Early last month my then-12-year-old daughter Nina had her nerves frayed by three magnitude 4.5 earthquakes that struck Southern California over a two-day period.
Although the three temblors were extremely modest by Southern California standards, the epicenters were roughly five miles from our home — which meant we were among those who experienced the brunt of the shaking. Believe it or not, one of the shakers that happened shortly after I had turned in for the evening was so sharp that, for a brief moment, I thought it was going to toss me off the bed.

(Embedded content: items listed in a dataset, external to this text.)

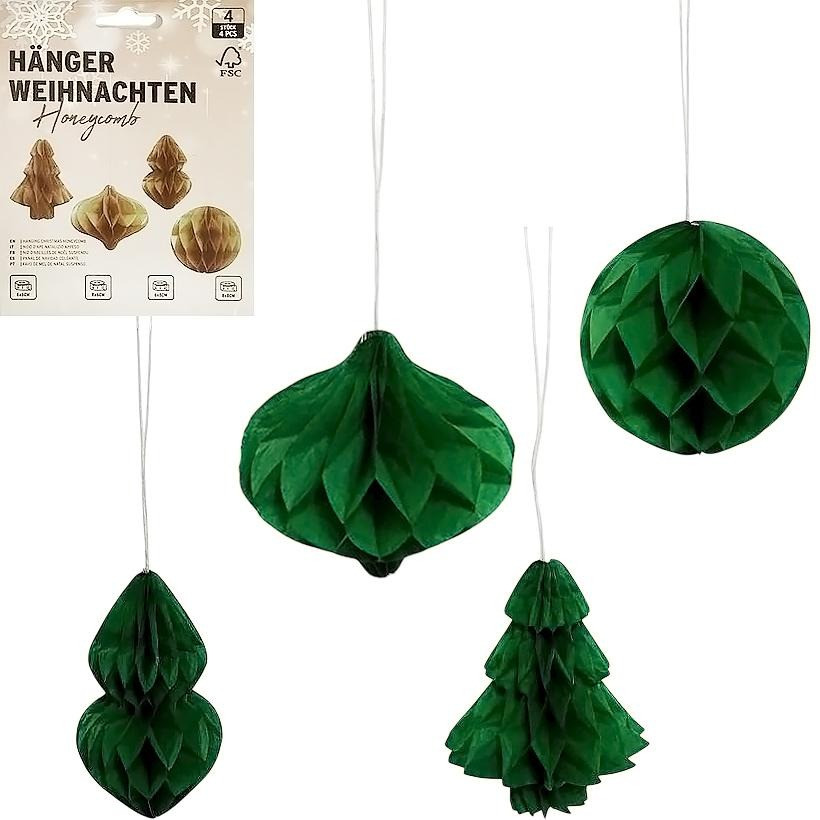 Набір підвісних паперових новорічних прикрас "Зелені фігури" CG-2, 4 шт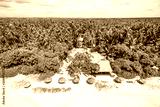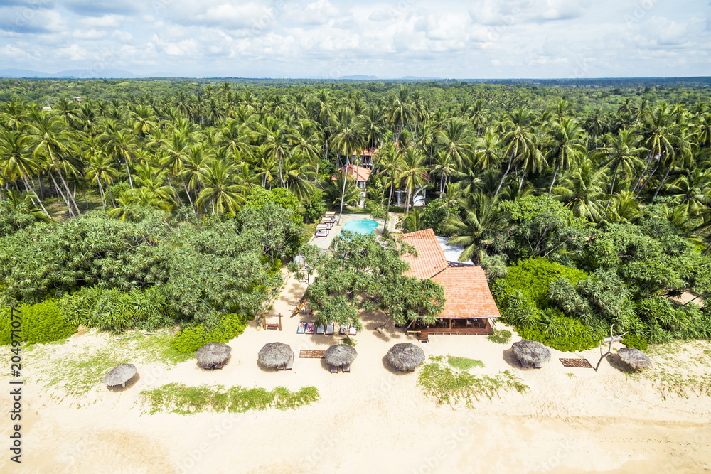 Aerial view of tropical beach with lonely hotel in Sri Lanka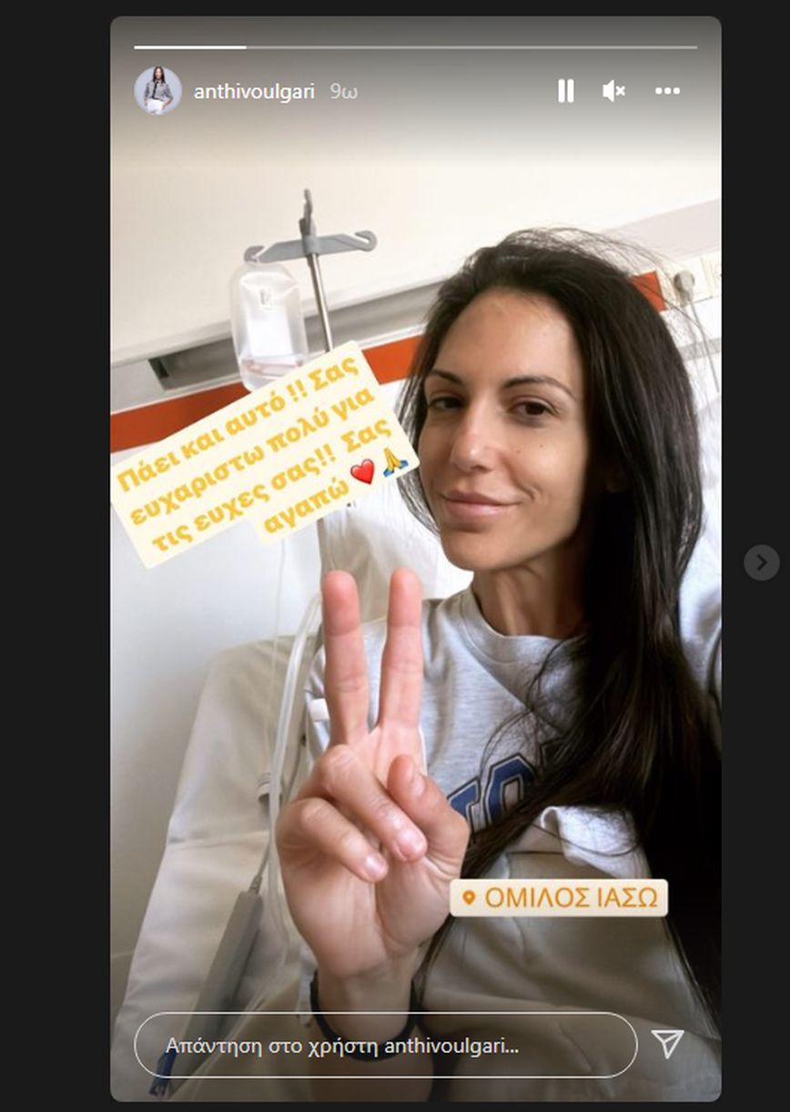 «Πάει κι αυτό! Σας ευχαριστώ πολύ για τις ευχές σας, σας αγαπώ» έγραψε η Ανθή Βούλγαρη στο κείμενο που συνόδευε τη φωτογραφία της από το κρεβάτι του νοσοκομείου.

Thankfully, the quakes left no damage to our two-story home. Nevertheless, Nina was constantly on edge, afraid that our house couldn’t withstand the shaking. As such, I tried my best to assure her that, unlike brick buildings, wood frame homes like ours that make up the vast majority of residences in Southern California are extremely flexible and, therefore, able to withstand most earthquakes with relatively minimal damage.
That’s not to say that during a major temblor lots of pictures can’t fall off the walls, cupboards won’t be emptied of their contents, and windows won’t crack or break — but the odds of our wood-frame house being turned into a terrifying heap of splintered lumber and shattered glass are long.
Earthquakes Can Happen Almost Anywhere
Of course, earthquakes in America aren’t limited to the western United States; there have been some significant temblors east of the Rockies too.
Last year, an earthquake registering 5.6 hit central Oklahoma. More notably, between 1811 and 1812, four major earthquakes of magnitude 7.0 or greater struck the region surrounding New Madrid, Missouri. The shocks were so powerful that they were felt as far away as Ohio and Virginia.
The East Coast isn’t immune from the occasional seism either.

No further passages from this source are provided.